Given data:
-- -- --

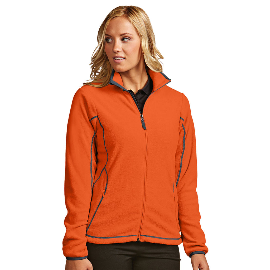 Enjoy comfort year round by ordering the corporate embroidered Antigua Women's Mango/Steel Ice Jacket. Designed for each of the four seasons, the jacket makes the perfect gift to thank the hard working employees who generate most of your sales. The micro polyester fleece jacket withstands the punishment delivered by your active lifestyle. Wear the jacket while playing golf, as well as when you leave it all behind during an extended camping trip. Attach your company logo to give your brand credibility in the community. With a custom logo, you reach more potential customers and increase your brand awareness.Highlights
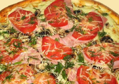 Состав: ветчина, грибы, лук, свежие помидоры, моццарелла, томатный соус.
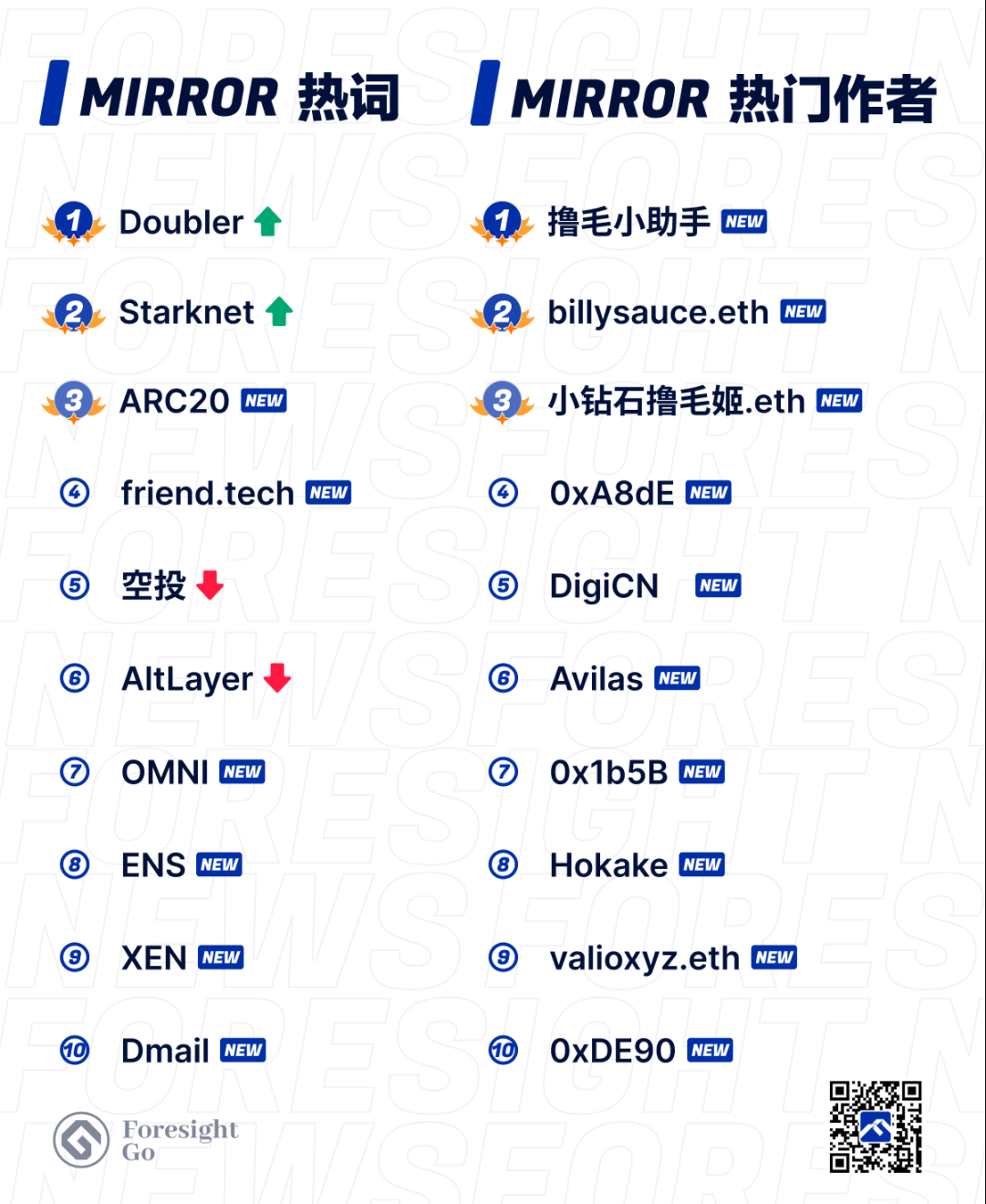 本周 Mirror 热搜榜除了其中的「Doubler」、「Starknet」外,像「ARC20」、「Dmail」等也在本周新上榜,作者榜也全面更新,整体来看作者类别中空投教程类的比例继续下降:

-- -- --

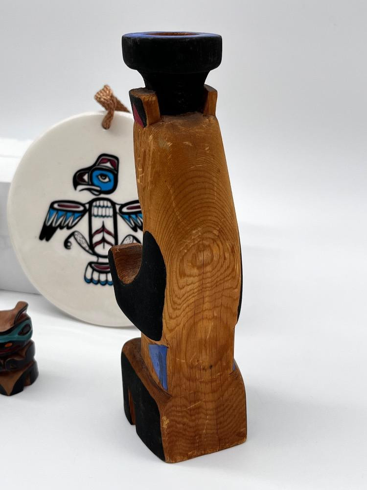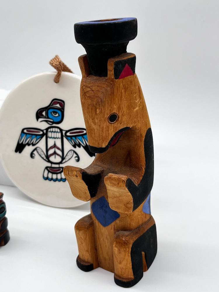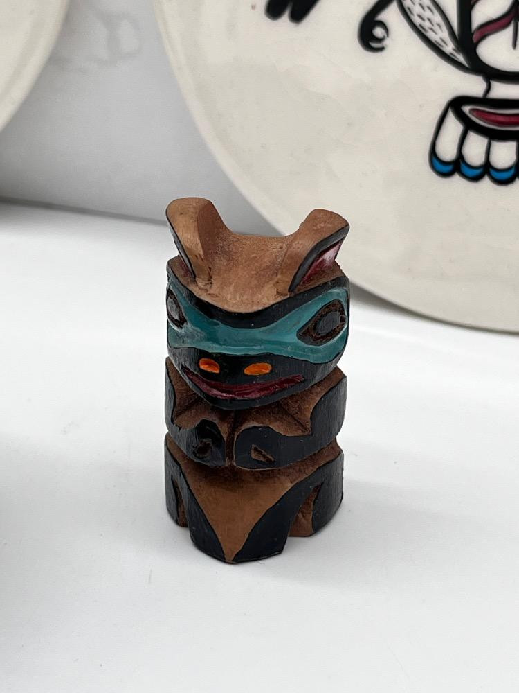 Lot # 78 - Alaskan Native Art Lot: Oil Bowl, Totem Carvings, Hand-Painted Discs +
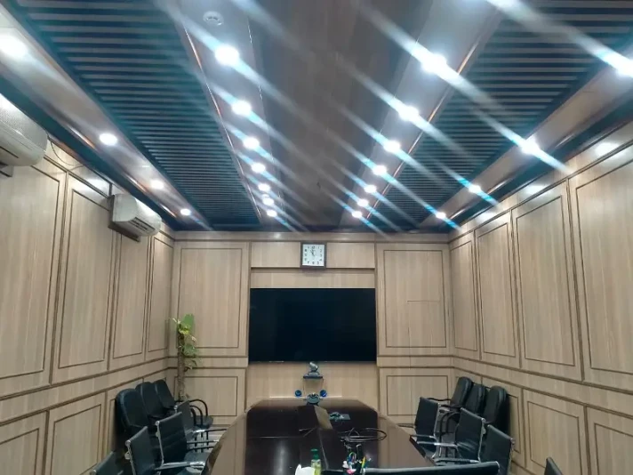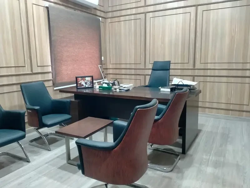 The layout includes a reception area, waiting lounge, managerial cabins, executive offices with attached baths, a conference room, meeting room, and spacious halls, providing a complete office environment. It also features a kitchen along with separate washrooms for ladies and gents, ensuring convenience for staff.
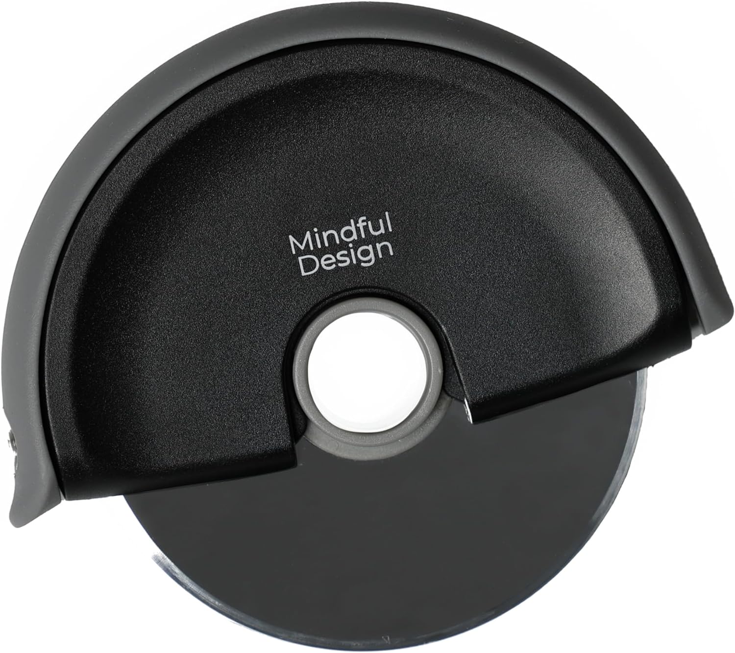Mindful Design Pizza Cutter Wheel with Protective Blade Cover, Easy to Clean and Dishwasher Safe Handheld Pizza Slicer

-- -- --

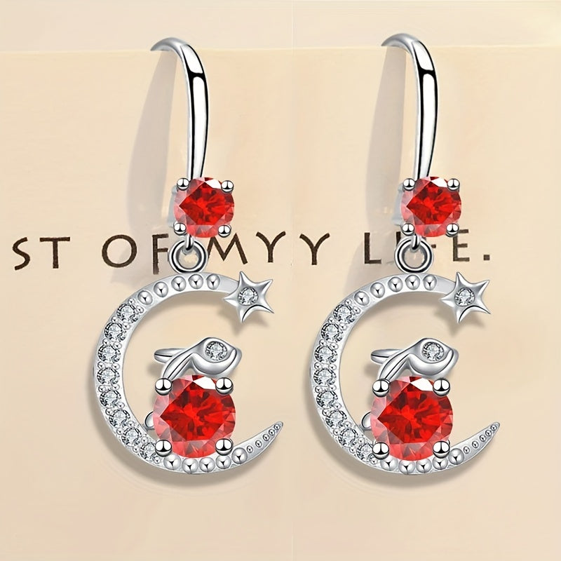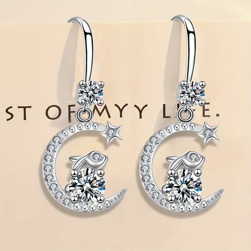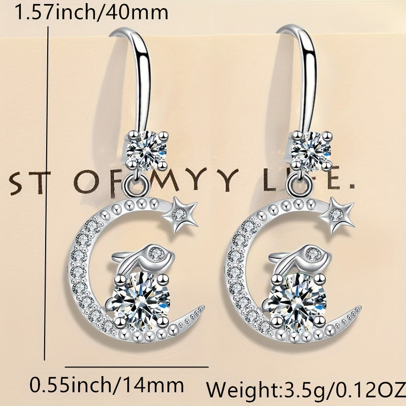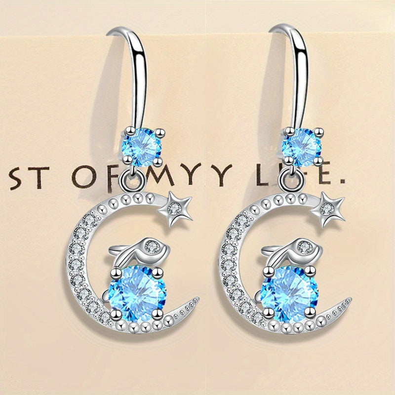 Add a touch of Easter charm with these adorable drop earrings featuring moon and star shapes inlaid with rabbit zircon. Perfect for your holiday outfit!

-- -- --

What the task asks:
Starting at the line above that contains "The layout includes", transcribe every line exactly through the line that contains "Mindful Design Pizza", including that last one, and skip the pictures.

Task answer:
 The layout includes a reception area, waiting lounge, managerial cabins, executive offices with attached baths, a conference room, meeting room, and spacious halls, providing a complete office environment. It also features a kitchen along with separate washrooms for ladies and gents, ensuring convenience for staff.
Mindful Design Pizza Cutter Wheel with Protective Blade Cover, Easy to Clean and Dishwasher Safe Handheld Pizza Slicer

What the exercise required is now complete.